Under these facts and circumstances, Krull has failed to demonstrate Melching and Richard's partnership agreement had terminated. Accordingly, Krull is not entitled to summary judgment on this issue.
V. The Orbans' Motion for Partial Summary Judgment
The Orbans' Motion for Partial Summary Judgment alleges the only factual issue concerning their malpractice claim is "the amount of damages and the amount attributable to [Krull's] wrongdoing." Appellants' App. p. 189. In addition, the Orbans allege they are entitled to summary judgment because "[t]he information disclosed by Krull was used to bring felony *456 charges against [them.]" Br. of Appellants at 25.
In so far as the Orbans allege that Krull had a duty of confidentiality and breached that duty, the Orbans are entitled to summary judgment. However, the Orbans' language can be construed to imply that it is undisputed that Krull's disclosure (1) caused charges to be filed against them and (2) was the proximate cause of at least a portion of their damages.
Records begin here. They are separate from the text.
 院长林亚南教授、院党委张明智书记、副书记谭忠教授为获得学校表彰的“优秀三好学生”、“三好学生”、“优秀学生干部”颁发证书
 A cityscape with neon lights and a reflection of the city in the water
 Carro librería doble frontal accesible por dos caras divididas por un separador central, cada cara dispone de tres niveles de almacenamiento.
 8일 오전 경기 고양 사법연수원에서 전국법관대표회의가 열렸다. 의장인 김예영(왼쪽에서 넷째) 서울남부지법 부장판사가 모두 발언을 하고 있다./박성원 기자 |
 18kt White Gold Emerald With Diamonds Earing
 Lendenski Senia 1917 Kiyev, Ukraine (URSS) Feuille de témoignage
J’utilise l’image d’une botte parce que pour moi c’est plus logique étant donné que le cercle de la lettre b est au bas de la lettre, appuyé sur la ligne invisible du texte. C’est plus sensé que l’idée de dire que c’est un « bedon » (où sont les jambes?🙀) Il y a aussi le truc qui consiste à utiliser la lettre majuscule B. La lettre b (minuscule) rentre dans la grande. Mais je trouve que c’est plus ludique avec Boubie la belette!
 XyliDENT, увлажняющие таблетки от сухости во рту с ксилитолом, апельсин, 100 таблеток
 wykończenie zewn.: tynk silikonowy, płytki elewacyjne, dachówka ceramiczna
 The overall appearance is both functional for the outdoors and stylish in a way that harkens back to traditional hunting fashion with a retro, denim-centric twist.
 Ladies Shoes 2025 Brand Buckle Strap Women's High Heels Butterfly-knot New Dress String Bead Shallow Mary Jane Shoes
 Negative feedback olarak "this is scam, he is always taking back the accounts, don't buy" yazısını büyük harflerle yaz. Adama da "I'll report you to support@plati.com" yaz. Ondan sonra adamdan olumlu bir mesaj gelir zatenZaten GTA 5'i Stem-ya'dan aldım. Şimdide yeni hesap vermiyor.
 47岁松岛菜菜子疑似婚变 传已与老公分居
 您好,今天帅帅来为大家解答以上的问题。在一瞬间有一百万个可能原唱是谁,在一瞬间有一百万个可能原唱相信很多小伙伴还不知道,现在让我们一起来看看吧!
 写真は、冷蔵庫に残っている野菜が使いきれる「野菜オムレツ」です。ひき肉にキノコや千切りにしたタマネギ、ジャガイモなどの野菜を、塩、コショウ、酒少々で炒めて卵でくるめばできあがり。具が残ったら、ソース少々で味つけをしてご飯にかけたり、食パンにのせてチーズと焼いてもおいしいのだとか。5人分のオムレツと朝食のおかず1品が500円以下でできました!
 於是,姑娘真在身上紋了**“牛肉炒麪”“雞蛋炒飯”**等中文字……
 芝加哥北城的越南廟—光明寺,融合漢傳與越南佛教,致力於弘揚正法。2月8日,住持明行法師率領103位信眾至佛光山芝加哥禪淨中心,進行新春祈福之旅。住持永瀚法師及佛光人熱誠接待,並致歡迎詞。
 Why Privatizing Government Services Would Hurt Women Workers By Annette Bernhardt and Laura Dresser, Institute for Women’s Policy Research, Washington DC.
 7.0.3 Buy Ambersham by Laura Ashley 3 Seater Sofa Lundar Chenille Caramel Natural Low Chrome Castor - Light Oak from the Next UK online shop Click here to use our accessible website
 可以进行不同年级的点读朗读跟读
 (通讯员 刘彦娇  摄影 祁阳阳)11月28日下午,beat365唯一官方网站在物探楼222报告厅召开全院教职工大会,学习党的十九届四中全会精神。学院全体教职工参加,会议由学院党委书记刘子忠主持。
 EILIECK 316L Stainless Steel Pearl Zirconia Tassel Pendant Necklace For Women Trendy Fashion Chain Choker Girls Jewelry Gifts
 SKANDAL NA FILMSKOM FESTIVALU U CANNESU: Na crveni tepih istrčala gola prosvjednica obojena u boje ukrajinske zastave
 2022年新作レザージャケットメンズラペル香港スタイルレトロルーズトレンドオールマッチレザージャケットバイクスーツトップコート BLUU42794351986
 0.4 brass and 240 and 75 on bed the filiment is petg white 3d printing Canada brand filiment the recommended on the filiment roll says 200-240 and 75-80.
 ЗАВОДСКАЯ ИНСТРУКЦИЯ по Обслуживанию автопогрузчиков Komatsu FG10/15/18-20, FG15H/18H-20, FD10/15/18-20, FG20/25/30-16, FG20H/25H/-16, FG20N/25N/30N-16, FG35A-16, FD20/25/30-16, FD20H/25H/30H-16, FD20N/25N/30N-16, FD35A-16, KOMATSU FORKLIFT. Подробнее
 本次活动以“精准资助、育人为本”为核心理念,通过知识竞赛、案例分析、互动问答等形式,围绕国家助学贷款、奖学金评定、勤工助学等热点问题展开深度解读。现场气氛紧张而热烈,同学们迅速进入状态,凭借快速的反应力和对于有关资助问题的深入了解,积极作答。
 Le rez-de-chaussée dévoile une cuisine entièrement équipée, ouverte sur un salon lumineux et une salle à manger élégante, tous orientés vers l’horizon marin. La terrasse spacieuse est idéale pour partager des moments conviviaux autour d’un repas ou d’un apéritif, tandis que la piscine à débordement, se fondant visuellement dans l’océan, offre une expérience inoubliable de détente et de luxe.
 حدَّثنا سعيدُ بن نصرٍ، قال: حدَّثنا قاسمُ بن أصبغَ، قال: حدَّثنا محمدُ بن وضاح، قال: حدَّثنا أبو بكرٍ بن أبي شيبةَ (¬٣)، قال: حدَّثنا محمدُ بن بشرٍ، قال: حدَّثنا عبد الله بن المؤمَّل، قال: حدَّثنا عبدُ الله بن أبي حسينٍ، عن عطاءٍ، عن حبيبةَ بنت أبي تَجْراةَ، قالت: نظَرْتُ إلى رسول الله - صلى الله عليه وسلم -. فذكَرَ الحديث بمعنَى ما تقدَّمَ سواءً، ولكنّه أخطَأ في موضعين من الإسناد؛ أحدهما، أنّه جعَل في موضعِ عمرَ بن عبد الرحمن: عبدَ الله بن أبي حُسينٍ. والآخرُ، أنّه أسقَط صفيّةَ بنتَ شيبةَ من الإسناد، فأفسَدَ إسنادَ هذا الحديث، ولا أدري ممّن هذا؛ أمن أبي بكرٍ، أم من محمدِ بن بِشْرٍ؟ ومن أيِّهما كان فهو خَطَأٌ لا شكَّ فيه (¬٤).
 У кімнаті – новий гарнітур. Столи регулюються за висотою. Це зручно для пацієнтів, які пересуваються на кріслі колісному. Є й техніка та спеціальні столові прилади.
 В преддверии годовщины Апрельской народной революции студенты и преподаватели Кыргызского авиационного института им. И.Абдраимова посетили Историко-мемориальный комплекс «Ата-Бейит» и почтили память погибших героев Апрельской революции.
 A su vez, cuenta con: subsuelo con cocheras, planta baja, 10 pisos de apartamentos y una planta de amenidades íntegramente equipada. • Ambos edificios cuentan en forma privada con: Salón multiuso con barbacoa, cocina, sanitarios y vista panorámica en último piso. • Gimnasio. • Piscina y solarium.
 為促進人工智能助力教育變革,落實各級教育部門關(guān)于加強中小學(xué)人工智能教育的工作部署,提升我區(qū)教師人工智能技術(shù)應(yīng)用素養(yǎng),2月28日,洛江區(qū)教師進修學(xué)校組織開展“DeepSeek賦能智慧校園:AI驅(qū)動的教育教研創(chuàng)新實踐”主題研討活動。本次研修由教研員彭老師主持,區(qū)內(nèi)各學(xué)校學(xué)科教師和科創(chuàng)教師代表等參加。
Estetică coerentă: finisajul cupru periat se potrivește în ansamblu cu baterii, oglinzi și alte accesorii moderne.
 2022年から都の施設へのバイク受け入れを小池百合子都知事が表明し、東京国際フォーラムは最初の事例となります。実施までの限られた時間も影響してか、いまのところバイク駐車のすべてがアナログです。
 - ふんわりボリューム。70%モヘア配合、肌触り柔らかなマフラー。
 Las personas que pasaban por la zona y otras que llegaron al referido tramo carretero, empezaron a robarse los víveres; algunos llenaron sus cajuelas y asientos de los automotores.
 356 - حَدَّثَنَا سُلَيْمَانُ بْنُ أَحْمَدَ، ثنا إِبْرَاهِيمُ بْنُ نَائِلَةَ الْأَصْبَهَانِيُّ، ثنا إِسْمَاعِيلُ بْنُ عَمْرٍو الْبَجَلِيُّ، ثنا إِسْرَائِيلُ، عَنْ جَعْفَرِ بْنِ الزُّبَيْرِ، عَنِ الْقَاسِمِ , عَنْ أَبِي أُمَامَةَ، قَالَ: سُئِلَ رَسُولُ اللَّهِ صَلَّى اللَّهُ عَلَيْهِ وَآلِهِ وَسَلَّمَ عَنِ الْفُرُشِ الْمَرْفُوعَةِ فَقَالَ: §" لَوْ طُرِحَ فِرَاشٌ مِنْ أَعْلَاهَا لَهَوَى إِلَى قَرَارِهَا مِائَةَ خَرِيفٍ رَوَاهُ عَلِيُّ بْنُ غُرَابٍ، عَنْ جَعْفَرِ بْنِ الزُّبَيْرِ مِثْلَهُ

As discussed in Section III of this opinion, the Orbans must prove their alleged injuries were the natural and probable consequence of Krull's disclosure. There is evidence in the record that creates the possible inference that Agent Albrecht used Krull's disclosure to file charges against the Orbans. Appellants' App. pp. 300-01. However, the Orbans themselves referred to Krull's disclosure as information "everyone now knows was exculpatory evidence subsequently lost or destroyed by the State." Br. of Appellants at 24. If the documents disclosed by Krull were exculpatory, it is difficultbut not impossible to comprehend how their release facilitated the filing of charges or the end of Melching and Richard's partnership. But, since more than one inference can be gathered from the undisputed facts concerning this issue, summary judgment is inappropriate.
The undisputed facts establish Krull had a duty of confidentiality and breached that duty. However, insofar as the Orbans are arguing the issue, they are not entitled to summary judgment on the issue of the proximate cause of their alleged injuries.
Conclusion
Both parties have failed to meet their burden of establishing they are entitled to judgment as a matter of law.
Affirmed in part, reversed in part, and remanded.
SHARPNACK, J., and VAIDIK, J., concur.
NOTES
[1] We observe that Appellants' counsel failed to comply with Indiana Appellate Rule 46(A)(10) by failing to include the appealed order in his brief. See Ind. Appellate Rule 46(A)(10) (The appellant's "brief shall include any written opinion, memorandum of decision or finding of fact and conclusions thereon relating to the issues raised on appeal.").
[2] Many of Krull's factual assertions are not supported by citation to the record and the Orbans encourage us to waive Krull's designated facts. Reply Br. of Appellants at 14 (citing Ind. Appellate Rule 46(B)). It is within an appellate court's discretion to waive designated facts when the facts are not properly cited. Northside San. Landfill, Inc. v. Envtl. Mgmt. Bd., 458 N.E.2d 277, 279 n. 1 (Ind.Ct.App.1984). As our independent examination of the record has located the facts designated by Krull, we find the policy supporting waiver inapplicable and reject the Orbans' invitation.
[3] Krull could not specifically recall what documents he disclosed, and both parties allege the documents at issue are unavailable. Br. of Appellants at 24; Br. of Appellee at 10.